Greetings Greg,

I can see that you have been heavily involved in the USB device driver code
for Linux.

I am very grateful for all the work you have done on this so far.

I have been trying to learn as much as I can about USB device drivers for a
personal project and your documentation is by far the best on the internet.

I have been working my way through problems little by little, but have come
to a major hurdle which I am starting to recognise as a lack of
understanding., and since you are clearly the subject matter expert, I hope
you don't mind if I ask a few questions.

My project is to write a character device drive for a "1-wire" network
attached to a USB hub via a "1-wire" USB adapter.

In case you are not familiar "1-wire" was developed by Dallas Semiconductor
(I think) for easily communicating with sensors and switches over very long
distances (thousands of meters I believe).

I want to communicate with the "1-wire" devices in the classical UNIX
fashion - as a file.  To me this implies a character device driver needs to
be written to communicate with the "1-wire" usb adapter.
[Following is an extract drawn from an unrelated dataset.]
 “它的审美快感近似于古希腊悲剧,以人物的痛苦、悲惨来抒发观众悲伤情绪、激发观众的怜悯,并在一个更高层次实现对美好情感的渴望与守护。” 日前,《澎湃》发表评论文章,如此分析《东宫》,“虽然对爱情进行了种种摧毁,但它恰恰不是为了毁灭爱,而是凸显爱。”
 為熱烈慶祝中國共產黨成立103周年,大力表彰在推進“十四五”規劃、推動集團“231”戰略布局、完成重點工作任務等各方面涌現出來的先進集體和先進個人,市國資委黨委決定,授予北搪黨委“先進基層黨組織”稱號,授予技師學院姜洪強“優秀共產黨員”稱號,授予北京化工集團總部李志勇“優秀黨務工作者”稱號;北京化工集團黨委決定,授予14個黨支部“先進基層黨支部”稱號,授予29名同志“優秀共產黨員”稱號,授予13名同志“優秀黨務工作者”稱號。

What I am thinking is that I will have the device driver handle ioctl()
calls for the various types of message which "1-wire" devices understand. I
haven't quite worked out what 'read' and 'write' will do, if anything.

I started with usb-skeleton.c modified it so that it does not use
devfs_register() - since there is no devfs support in my kernel - but
instead uses register_chrdev(), as well as change the devMajor and devMinor
so that I am communicating with my device.
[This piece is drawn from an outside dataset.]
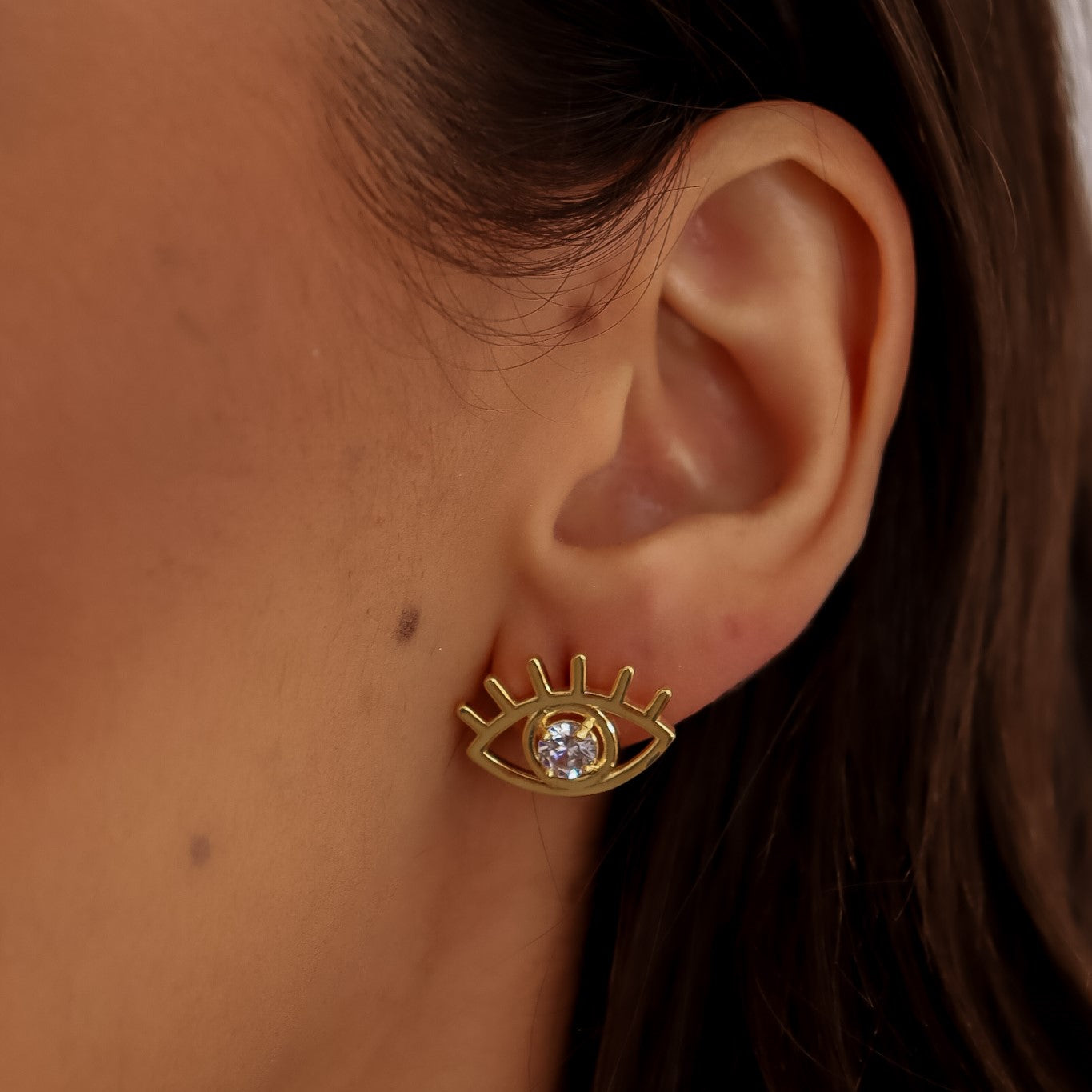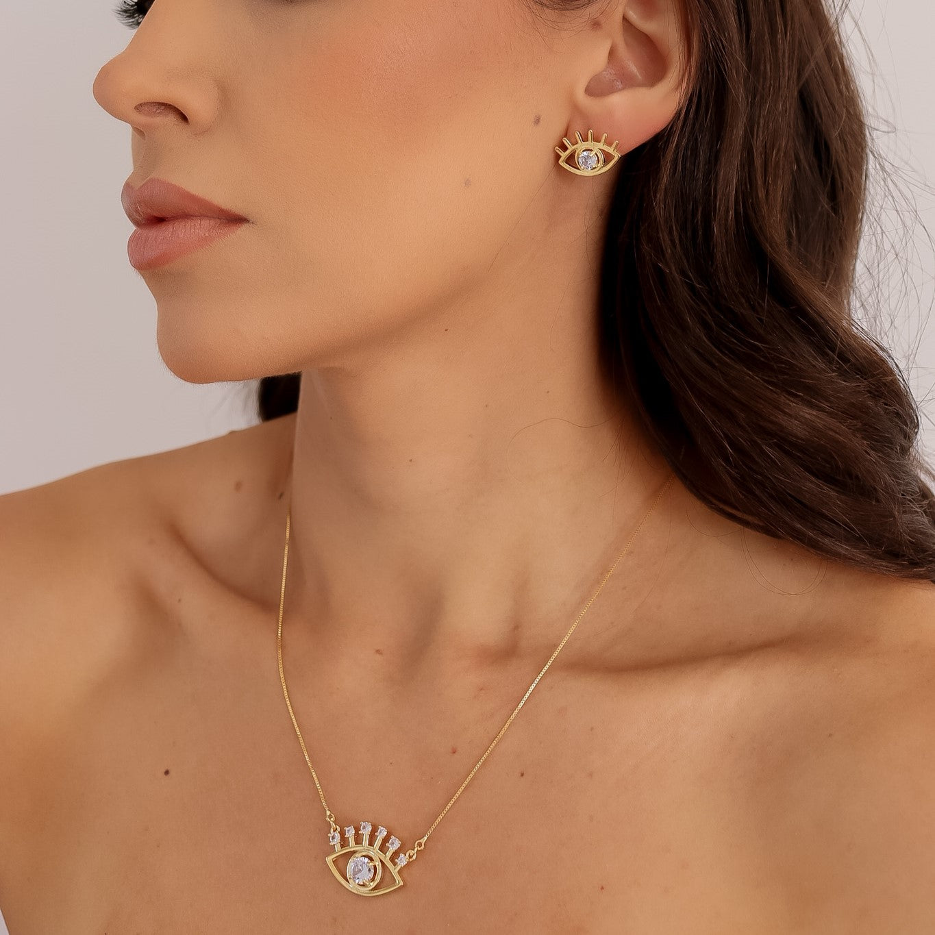 Descrição: Conjunto composto de colar e brinco em formato de olho grego, cravejado em pedra azul safira com zircônia colorida/ ou cravejado em zircônia cristal

I might add here that just discovering the reason why devfs_register() was
failing took me a long time to figure out.

The current status of my driver is little more than that, I can load and
unload it, and I am registering/deregistering with usb correctly.  I can
open the associated character special file, and call ioctl on it.  All of
this has been verified by peppering the system message log with diagnostic
output from the driver.

Now, comes the hard part.

I have the "1-wire" protocol documentation, but am confused about how to
send the data to the usb adapter.

Reading the usb core documents leads me to believe that I should be calling
usb_alloc_urb() filling in the urb , then usb_submit_urb()  the message for
the "1-wire" device should be put in the transfer_buffer member of the urb.
Is that correct ?

I don't understand the usage of the pipe member of this structure. The
documentation says "The pipe element is used to encode the endpoint number
and properties" - great !  what is an endpoint number ? and what properties
are they talking about ?

As you may conclude, I may be missing pieces of the usb picture, even though
I have read, and tried to understand as much about USB device drivers as I
could.

Any help is, of course, greatly appreciated.